◆ **YOUR ASSIGNMENT**
When you reach the line with "Whether it’s a" in the records below, begin transcribing exactly and continue up to and including the line with "オーバーコートらしくガバッと", leaving out every picture.

◆ **ENTRIES PROVIDED**
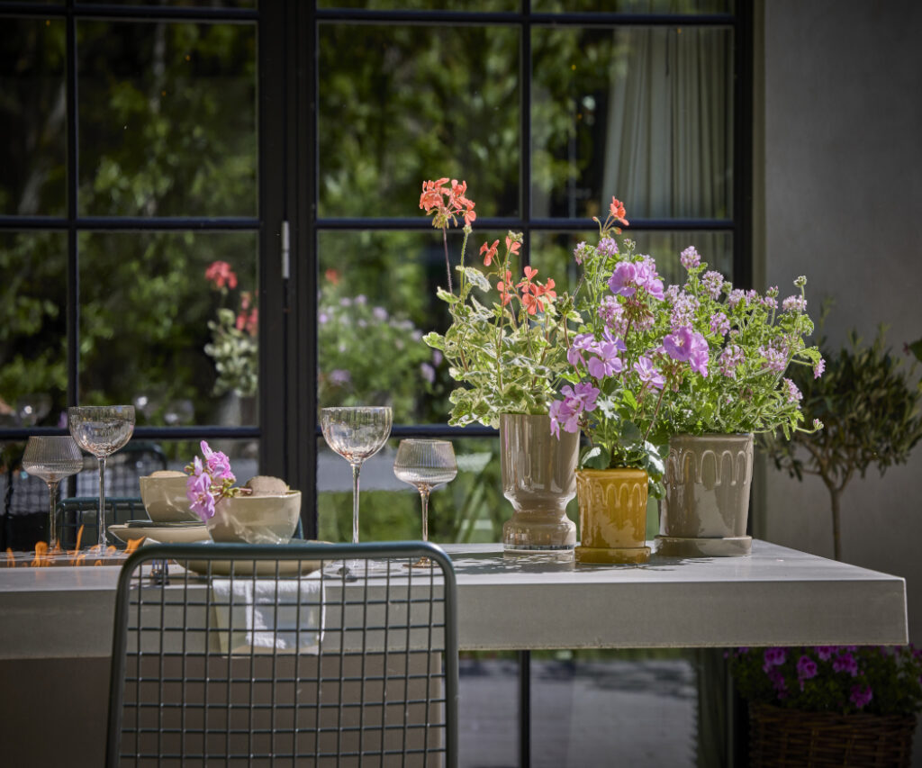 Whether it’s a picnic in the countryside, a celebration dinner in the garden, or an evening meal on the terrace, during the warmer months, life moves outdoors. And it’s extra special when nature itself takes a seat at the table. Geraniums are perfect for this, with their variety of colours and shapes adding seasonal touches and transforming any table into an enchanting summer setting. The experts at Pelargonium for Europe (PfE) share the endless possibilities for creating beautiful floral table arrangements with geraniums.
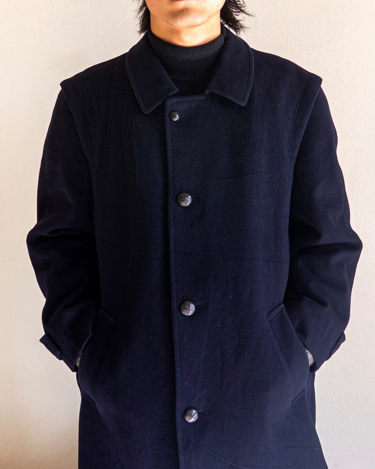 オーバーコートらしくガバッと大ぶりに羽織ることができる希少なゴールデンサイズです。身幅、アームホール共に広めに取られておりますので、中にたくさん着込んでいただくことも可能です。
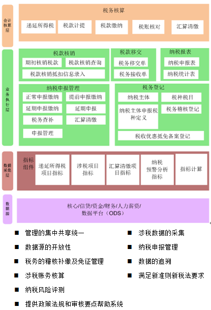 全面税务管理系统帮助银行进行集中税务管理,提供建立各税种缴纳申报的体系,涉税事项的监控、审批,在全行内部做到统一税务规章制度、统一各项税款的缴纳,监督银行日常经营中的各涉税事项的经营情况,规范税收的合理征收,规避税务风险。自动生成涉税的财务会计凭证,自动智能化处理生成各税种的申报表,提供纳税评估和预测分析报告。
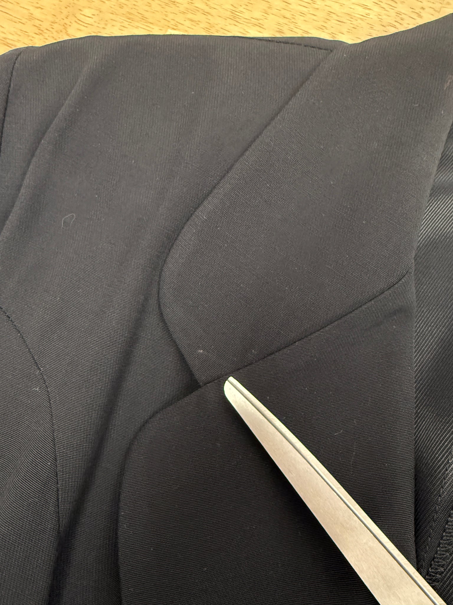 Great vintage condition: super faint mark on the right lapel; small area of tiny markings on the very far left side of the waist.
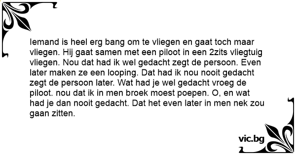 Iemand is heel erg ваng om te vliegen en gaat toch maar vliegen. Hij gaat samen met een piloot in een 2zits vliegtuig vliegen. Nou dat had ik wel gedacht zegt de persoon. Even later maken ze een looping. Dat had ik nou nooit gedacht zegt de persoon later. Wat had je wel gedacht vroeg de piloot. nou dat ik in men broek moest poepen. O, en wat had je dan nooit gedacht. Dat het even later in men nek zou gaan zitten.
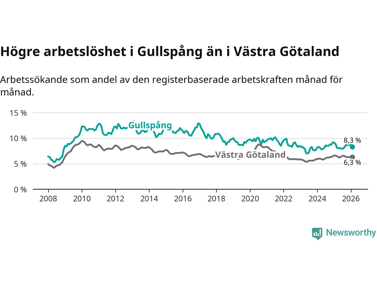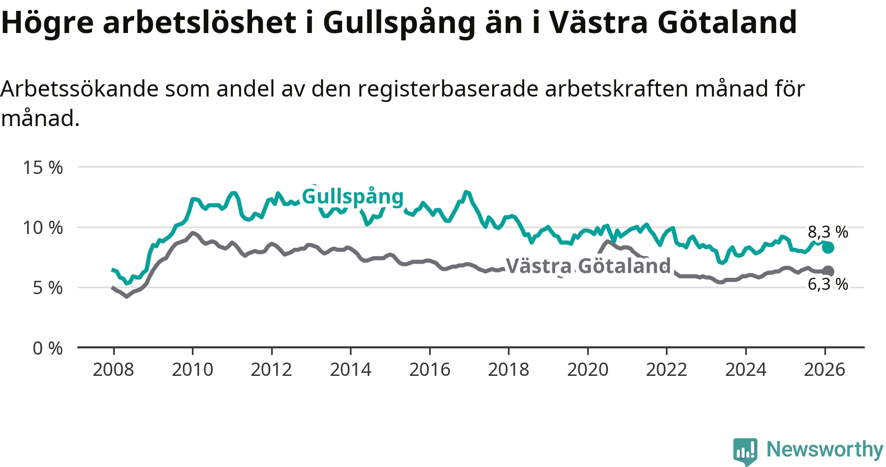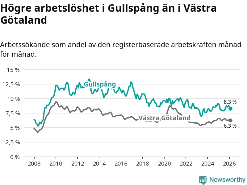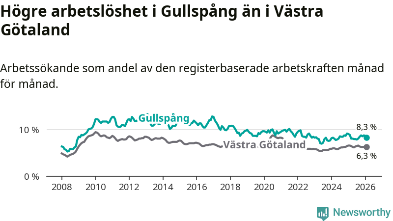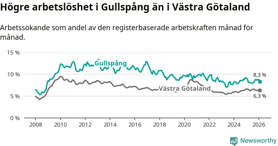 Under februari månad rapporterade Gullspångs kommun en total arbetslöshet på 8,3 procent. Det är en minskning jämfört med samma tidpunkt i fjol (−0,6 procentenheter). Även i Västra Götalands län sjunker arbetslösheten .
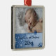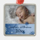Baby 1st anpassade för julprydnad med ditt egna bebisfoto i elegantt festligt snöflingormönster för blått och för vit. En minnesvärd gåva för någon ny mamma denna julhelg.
...
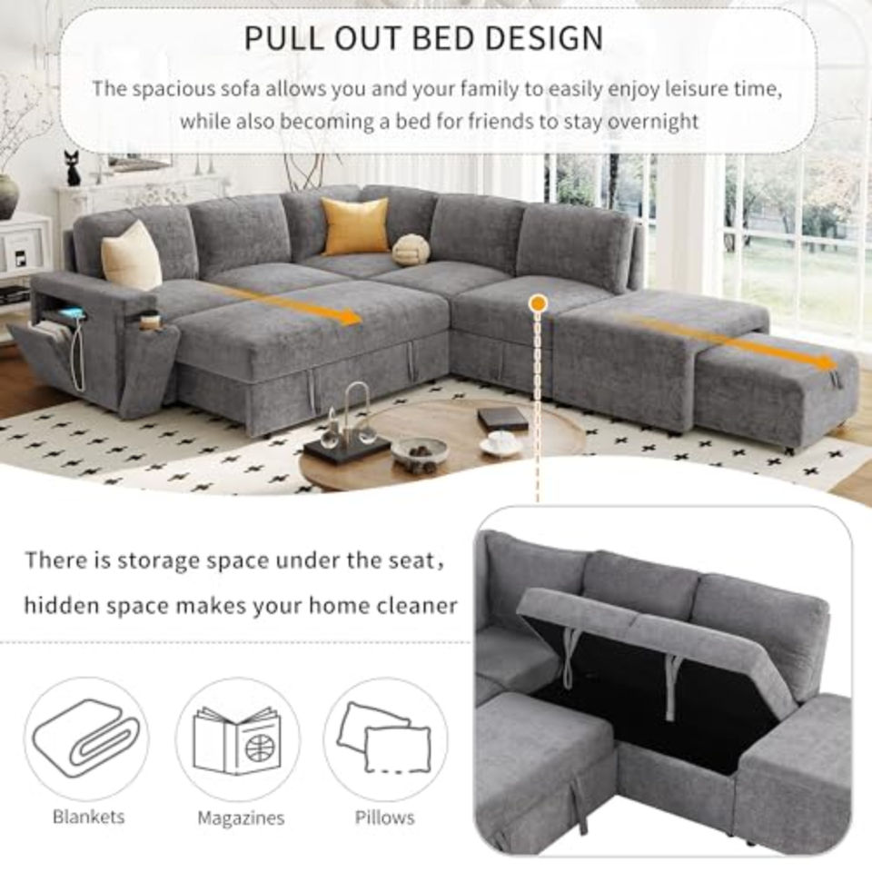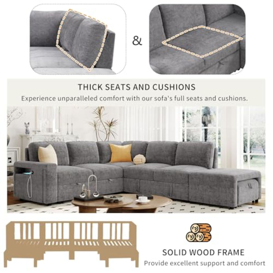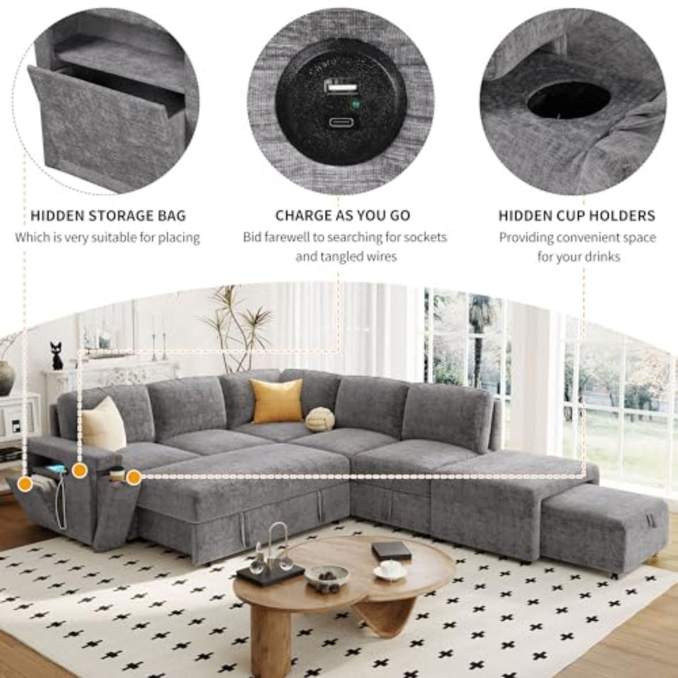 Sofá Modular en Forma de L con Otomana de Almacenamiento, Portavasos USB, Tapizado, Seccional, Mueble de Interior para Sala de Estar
* * *
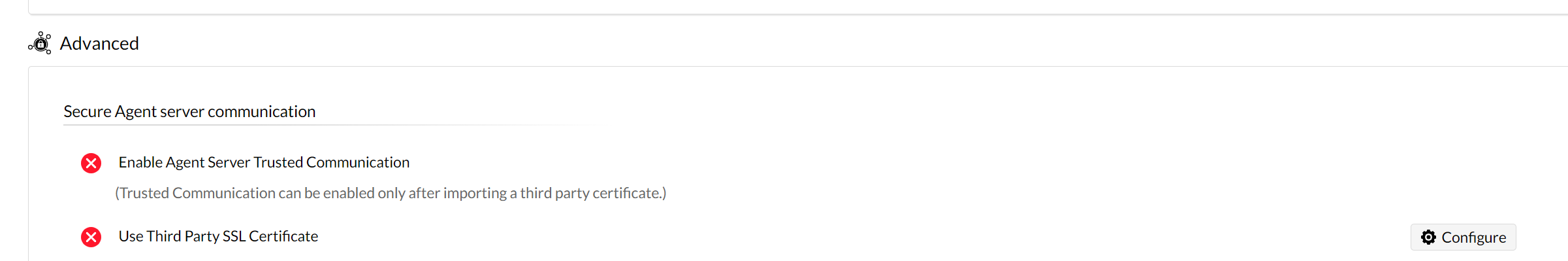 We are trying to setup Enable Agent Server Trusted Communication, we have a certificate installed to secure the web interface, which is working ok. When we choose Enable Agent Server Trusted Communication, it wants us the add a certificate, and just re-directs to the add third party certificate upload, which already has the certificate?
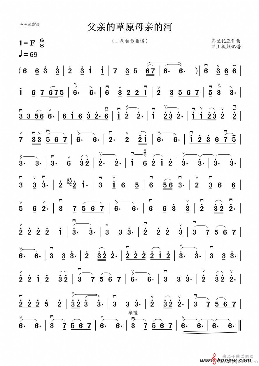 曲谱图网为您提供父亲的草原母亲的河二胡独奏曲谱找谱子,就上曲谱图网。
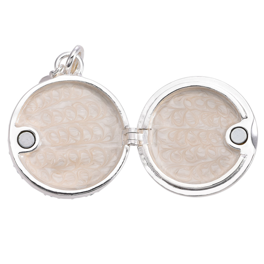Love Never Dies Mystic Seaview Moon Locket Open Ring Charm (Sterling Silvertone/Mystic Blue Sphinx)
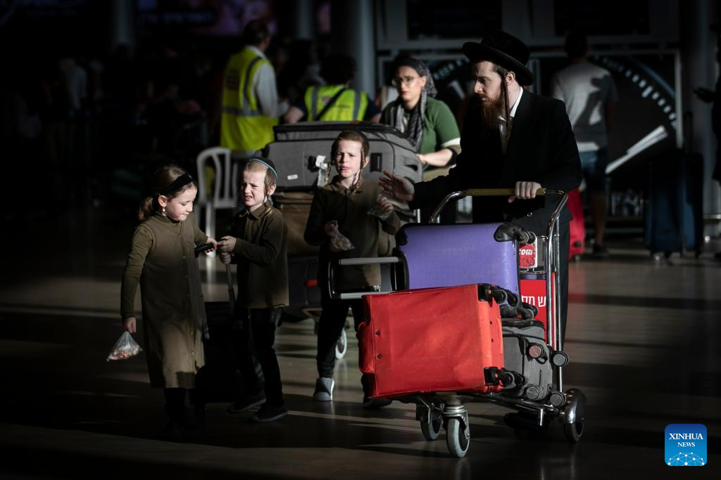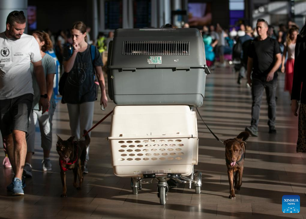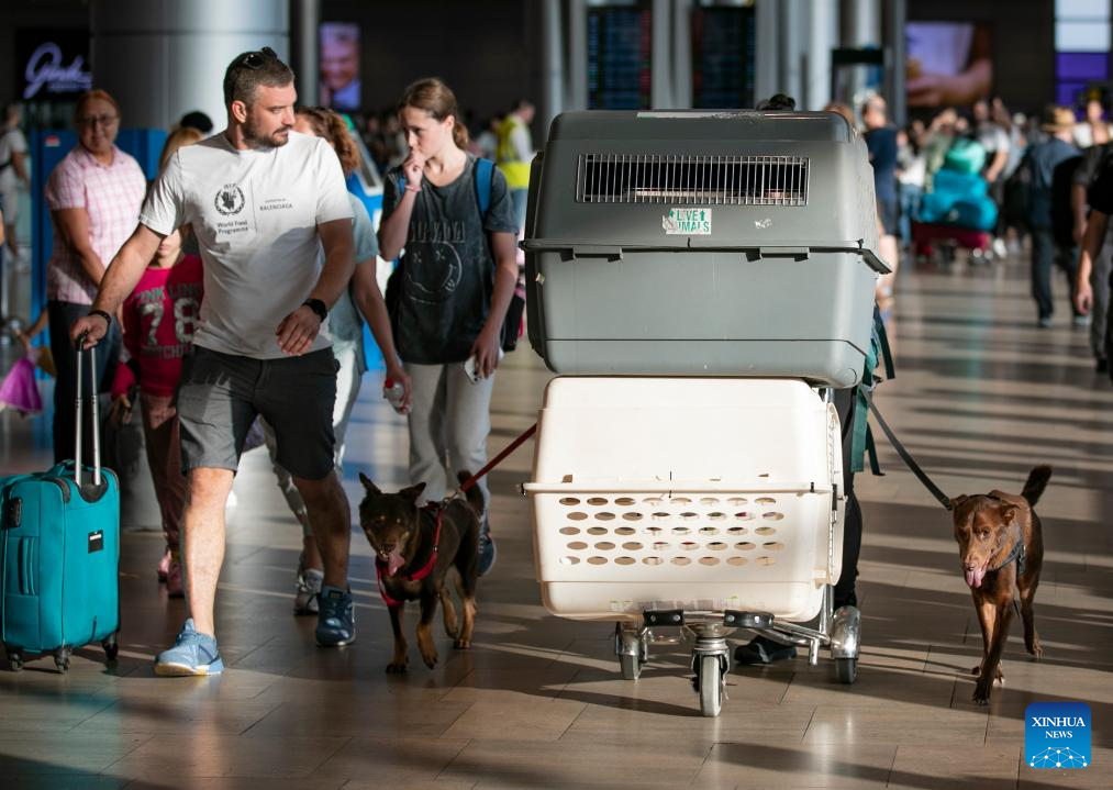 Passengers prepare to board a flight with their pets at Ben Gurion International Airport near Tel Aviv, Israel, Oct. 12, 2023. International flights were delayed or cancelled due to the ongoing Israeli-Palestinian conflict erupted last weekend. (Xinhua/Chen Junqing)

◆ **RESPONSE AREA**
 Whether it’s a picnic in the countryside, a celebration dinner in the garden, or an evening meal on the terrace, during the warmer months, life moves outdoors. And it’s extra special when nature itself takes a seat at the table. Geraniums are perfect for this, with their variety of colours and shapes adding seasonal touches and transforming any table into an enchanting summer setting. The experts at Pelargonium for Europe (PfE) share the endless possibilities for creating beautiful floral table arrangements with geraniums.
 オーバーコートらしくガバッと大ぶりに羽織ることができる希少なゴールデンサイズです。身幅、アームホール共に広めに取られておりますので、中にたくさん着込んでいただくことも可能です。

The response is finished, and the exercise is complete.